# Beneteau sailboat liner repair



## Crystal Sails (10 mo ago)

How do I get my falling liner to stay reattached? ugh!


----------



## MarkofSeaLife (Nov 7, 2010)

Could we get some more details please? Incl photos? 

Thanks 😊 

Mark


----------



## boatpoker (Jul 21, 2008)

Crystal Sails said:


> How do I get my falling liner to stay reattached? ugh!


Do you mean the structural FRP liner grid or the cosmetic deckhead liner ?


----------



## Crystal Sails (10 mo ago)

here is a pic. It is the liner from edge of the bulk head to the ceiling .. cosmetic.


----------



## Crystal Sails (10 mo ago)

boatpoker said:


> Do you mean the structural FRP liner grid or the cosmetic deckhead liner ?


Cosmetic... see pic


----------



## OntarioTheLake (4 mo ago)

Common problem, chore to do. A million threads on this. beneteau headliner replacement - Google Search


----------



## bdegroff5 (2 mo ago)

I tied to repair 2 headliners and gave up. I removed liner and starting over with new material but not sure what to use.


----------



## MarkofSeaLife (Nov 7, 2010)

Yes. Impossible.

The liner has a foam backing that age disintegrates. It can't be stuck back on.
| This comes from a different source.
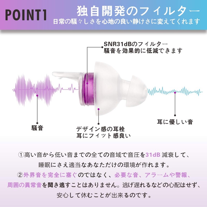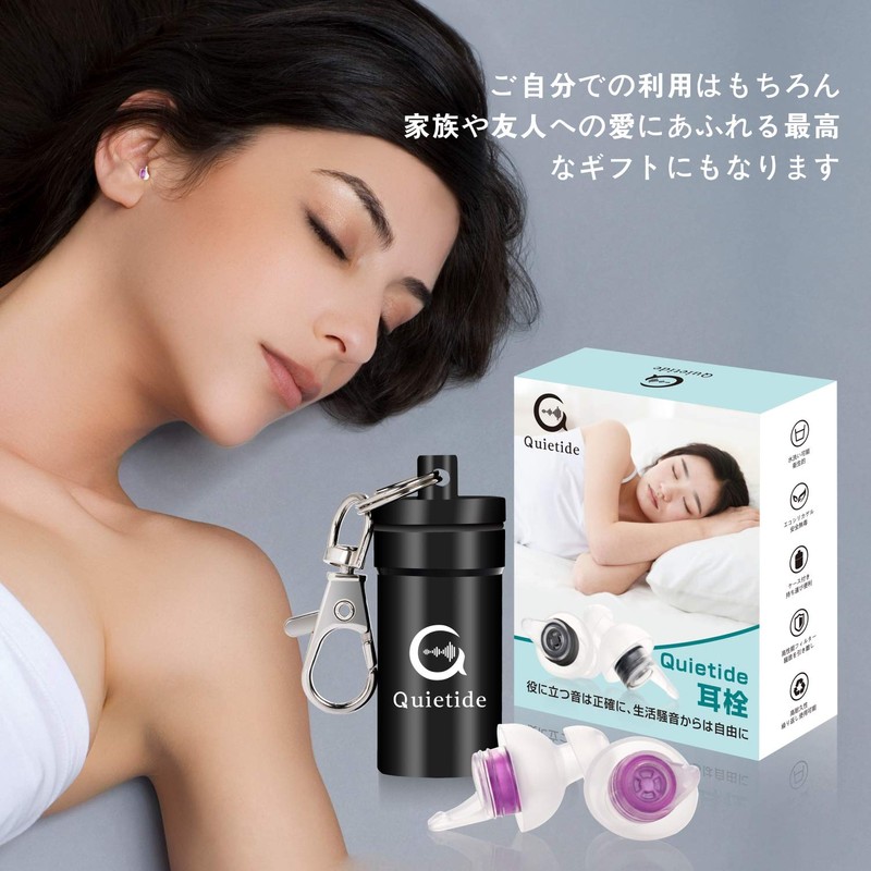 - Proprietary filters effectively block unwanted noise: Normal conversation is about 50 dB - 60 dB (decibel), and it is said that noise levels of less than 40 dB are desirable for sleep.Quietide earplugs are equipped with proprietary filters, allowing you to adjust the volume of ambient noise so you can create a suitable environment even for sleep.Instead of completely blocking outside noise, sound pressure is dampened by 31 dB in the entire range from high to low sound.Never miss hearing any necessary noise, alarms, or ambient abnormalities.You can rest with confidence knowing that you don't have to worry about being delayed from escaping during disasters, etc.

I had a carpenter in Malaysia colour match some ply sheets and cover over the top of the remnant white liner in the forward and aft cabins.
The whole cabin now looks like teak. Wonderful.

Sorry, I cant find good photos!!














Before. The white had become browinsh stained...










Port cloth needs a clean, but you get the idea.
Yes, it makes the cabin fractionally darker. But its a cabin....

Mark


----------



## OntarioTheLake (4 mo ago)

Mark- no concerns for mold in the foam/ vinyl behind the wood?


----------



## MarkofSeaLife (Nov 7, 2010)

OntarioTheLake said:


> Mark- no concerns for mold in the foam/ vinyl behind the wood?



Nope. Its not a moisture thing. Its just an age thing.

But looking at the OP's photo the problem maybe different that mine... It looks like the very top part of it has slipped down. If the majority of the liner is OK and the problem is just the top part hanging down then what I did was get some thick, white, cable ties and flex them into a U shape and pust them up into the false ceiling space. Its easy when you see what I mean. My explanation is crap LOL


----------



## OntarioTheLake (4 mo ago)

MarkofSeaLife said:


> Nope. Its not a moisture thing. Its just an age thing.
> 
> But looking at the OP's photo the problem maybe different that mine... It looks like the very top part of it has slipped down. If the majority of the liner is OK and the problem is just the top part hanging down then what I did was get some thick, white, cable ties and flex them into a U shape and pust them up into the false ceiling space. Its easy when you see what I mean. My explanation is crap LOL


Interesting, I thought there would be concern for trapped moisture.

The OP's photos look like same old- the decay of the foam backing, which is glued to the hull, allows the vinyl exterior material to sag, fall off, etc. That's why I linked to the search results because this is a very well known, predictable, and recurring challenge that's a real PITA to replace. Some have tried to re-glue the vinyl but there's always foam residue on both the vinyl inside and the hull, and it won't last long. I know several Beneteau owners who "bit the bullet" and ripped it all out, ground off the foam particles, and put in new liner....it was a chore, and I learned a lot of new words.

If your (Mark) approach works, it would be a HUGE savings in effort. That said, many of the 80s and 90s Beneteaus used the now-dying liner on compound surfaces (e.g., aft cabin ceiling and walls and curves.) Even if the "Mark Approach" can't be used everywhere, I'd sure try to use it where it could be.


----------



## MarkofSeaLife (Nov 7, 2010)

OntarioTheLake said:


> If your (Mark) approach works, it would be a HUGE savings in effort. That said, many of the 80s and 90s Beneteaus used the now-dying liner on compound surfaces (e.g., aft cabin ceiling and walls and curves.) Even if the "Mark Approach" can't be used everywhere, I'd sure try to use it where it could be.


I did it 12 years ago and its still as good as the day it was done.



Its exactly as I would do it again.

I was on a very low budget at the time but luckily I was in Malaysia and had it done for a remarkably low price. I guess in the USA/EU etc its going to be a few hours work so wont be cheap but they effect is fabulous 

Mark


----------